620. The study of handwriting in court frequently calls for a great deal of expert testimony on either side, and is often the cause of most puzzling and contradictory statements by the various experts. And it is easy to see why this should be so, when one considers that a person's handwriting is forever varying and changing, being as much subject to the moods of the person as the weather vane is to the gusts of the wind.

621. In Every Handwriting Certain Distinct Features Will Continually Appear - The Dotting Of The I, The Crossing Of The T, The Peculiar Formation Of The R, Etc

In Every Handwriting Certain Distinct Features Will Continually Appear - The Dotting Of The I, The Crossing Of The T, The Peculiar Formation Of The R, Etc. but aside from these features, which sometimes only an expert in chirography can distinguish, the average handwriting will vary according to whether the writer is in a hurry or at leisure, whether in tempestuous mood or at ease with himself and the world. Is it any wonder, then, that even experts will disagree, each swearing to his own belief, or his own method of deciphering the writing in question?

622. The usual plan adopted in court, with signatures and all other handwriting, is to make enlargements, in which the various characteristics can be more clearly shown. Such enlargements should be made on transparency plates, for various reasons, more particularly because on a transparency plate an exact reproduction of the original can be procured, without elongation or stretching of the letters in any direction; whereas when paper is employed for the reproduction there is a certain amount of stretching, either in one direction or the other, often sufficient to entirely invalidate the value of the reproduction.

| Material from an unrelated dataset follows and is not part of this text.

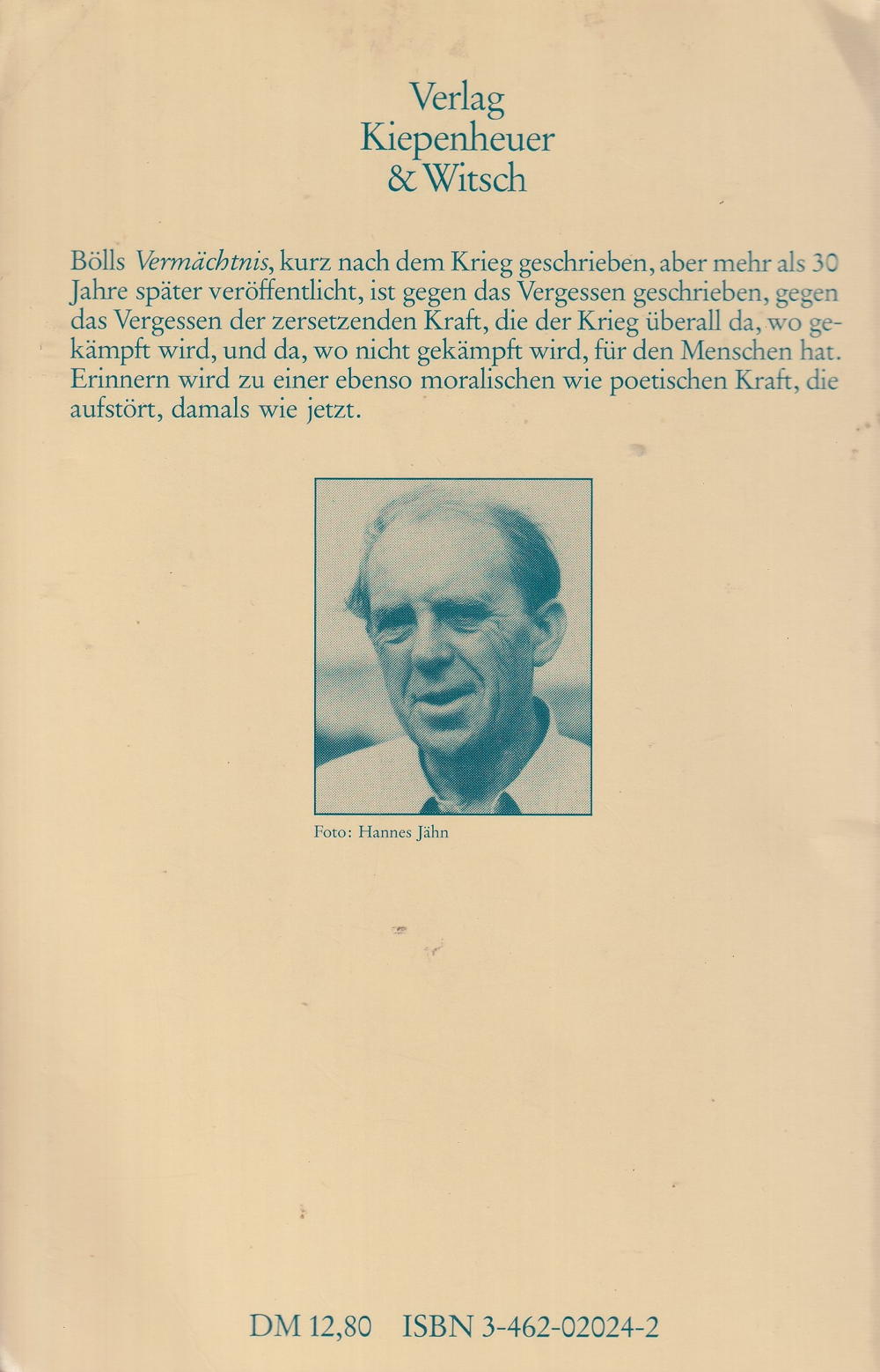 Bölls Vermächtnis, kurz nach dem Krieg geschrieben, aber mehr als 30 Jahre später veröffentlicht, ist gegen das Vergessen geschrieben, gegen das Vergessen der zersetzenden Kraft, die der Krieg überall da, wo gekämpft wird, und da, wo nicht gekämpft wird, für den Menschen hat. Erinnern wird zu einer ebenso moralischen wie poetischen Kraft, die aufstört, damals wie jetzt.

623. Then, again, where it is a question of comparing specimens of the same handwriting with each other, the transparency reproductions can all be brought down to the same scale, and then being mounted one on top of the other will give greater opportunities for comparison than if laid side by side, as would be necessary in the case of paper prints. The eye is easily optically deceived, and in glancing from one sheet of paper to another can easily go astray; but this is impossible, of course, where two specimens of handwriting are superimposed on transparency plates, both specimens being visible to the eye at one and the same time.

624. Making Negatives Of Handwriting For Enlargements

Making Negatives Of Handwriting For Enlargements. Where entire letters are to be copied for enlargements, for use as evidence, they should be reduced in size, say, one-half. This will give you accurate lines to the edge. If negatives were made the exact size of a letter, unless great care was exercised and a corrected lens employed, you would be likely to produce a slight curve in the copy, which would show slightly in the negative, yet would become quite evident in the enlargement. By making the negative a reduced size all lines can be made true, and enlargements from such negatives will be accurate.

625. When making negatives of a signature, special care must be exercised, and the signature on the negative should not be any larger than the original, and as two signatures are generally photographed - the genuine signature with that which is considered a forgery - both should be photographed from the same distance.

626. For example: After making a negative of the genuine signature, leave the camera in exactly the same position and replace the genuine signature with the forgery, placing it in exactly the same place, and then make a negative of it. In this way you will be photographing at exactly the same distance from both, and for convenience a contact transparency may be made of each, first marking each negative so as to be able to distinguish one from the other. With transparencies the original size, they may be mounted together, so that they register over each other. This method is only recommended where the forgery-appears easily perceptible.

627. For critical work, enlargements must be made from the negative, and while prints are usually made on bromide paper, yet this method is not so satisfactory as the making of enlarged transparencies. For instruction for negative and transparency enlarging, see Volume V.

628. When it is suspected that the signature is traced over another, by adjusting the two enlarged transparencies, one over the other, this will be very easily detected. If they are not copied by tracing, or if a free hand attempt at writing the name is made, then each letter must be studied carefully, and by superimposing one transparency over the other the detection can be made.